Second, the correlation has not been measured and would be hard to measure accurately: many applications do not 
offer large enough exposure to assess the frequency of very rare events, multiple versions of a standards might have 
been used over the years, and anecdotes about lenient assessors suggest differences in how standards are interpreted 
and applied. It is also possible that a standard might work better for a system of the past than a new system 
featuring a more complex processor, a more integrated and networked platform, more complex software functions, 
or more autonomy. The community needs better evidence that standards are fit to support safety-related decisions. 

What it Means for a Standard for Software in Safety-Critical Applications to ‘Work’ 

Assessing whether a standard works requires identifying what it means to work. Ideally, each standard would define 
this for itself. But while some standards include statements about the standard’s aims or contributions, these are 
rarely testable hypotheses about the standards’ effects on safety or correctness. Some are vague, others are belied by 
the body of the standard, and yet others sidestep important issues. For example, ISO 26262 promises “guidance to 
help avoid [risks due to the failure of electrical or electronic components in automobiles] by providing appropriate 
requirements and processes” (ref. 3). But what does it mean to “help avoid” risk? The statement does not promise a 
result that will satisfy any of the well-known theories of residual risk acceptability (ref. 28). It is perhaps unfair to 
expect that it would: ISO 26262 is an industry consensus document meant to apply across a diverse supply chain. 
Nevertheless, to determine whether a standard works, researchers need a testable definition of “work.” Participants 
in AESSCS 2014 identified (a) a crucial distinction between the goals of correctness and system safety, (b) several 
definitions of what it means for a standard to achieve one of those goals, and (c) crosscutting concerns such as cost 
effectiveness and applicability. The definitions can be broadly organized into four categories: (1) bounding 
uncertainty in a claim about software behavior or contributions to system safety, (2) addressing the risk from the 
most likely and/or consequential mistakes, (3) promoting developer competence, and (4) giving certifiers a tool to 
improve safety. It remains to be seen which definition(s) will yield practical assessments that are sufficient grounds 
for making rational decisions about whether a given system is acceptably safe or for setting certification policy. 

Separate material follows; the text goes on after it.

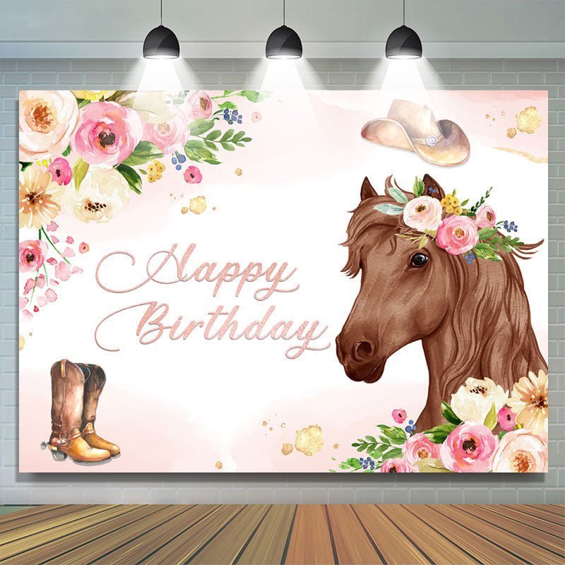 Rosa Blumen Und Pferd Cowboy Themenorientiert Geburtstag Hintergrund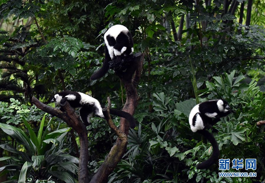 3月6日,在广州长隆野生动物世界,斑狐猴三胞胎在树枝上跳跃。

Safety Versus Correctness: Some standards for software in safety-critical applications are focused on correctness 
rather than safety: their assurance requirements are mainly about whether the software behaves as specified, not how 
that behavior affects system safety. For example, DO-178C (ref. 2) assumes software requirements derived from a 
system-level safety analysis such as might be performed in accordance with SAE ARP4754A (ref. 29). The 
standard’s assurance requirements aim to show that the delivered software meets its requirements, but safety-related 
requirements are not singled out for special care. DO-178C specifies software development assurance levels in 
terms of the consequences of software failure but excludes all safety analyses from its scope. Other standards define 
and require safety analyses. For example, like DO-178C, Part 6 of ISO 26262 contains many assurance requirements 
related to verifying software correctness (ref. 3). But unlike DO-178C, ISO 26262 gives guidance for safety 
assessment of systems containing software: Part 3 defines a hazard and risk assessment process. This guidance is 
limited in scope to the safety impact of the failure of individual electrical and electronic ‘items’. The standard’s 
assurance requirements would apply to the design and implementation of an electronic stability control system if the 
manufacturer fits one. But the decision of whether to fit such a system might have greater impact on safety. 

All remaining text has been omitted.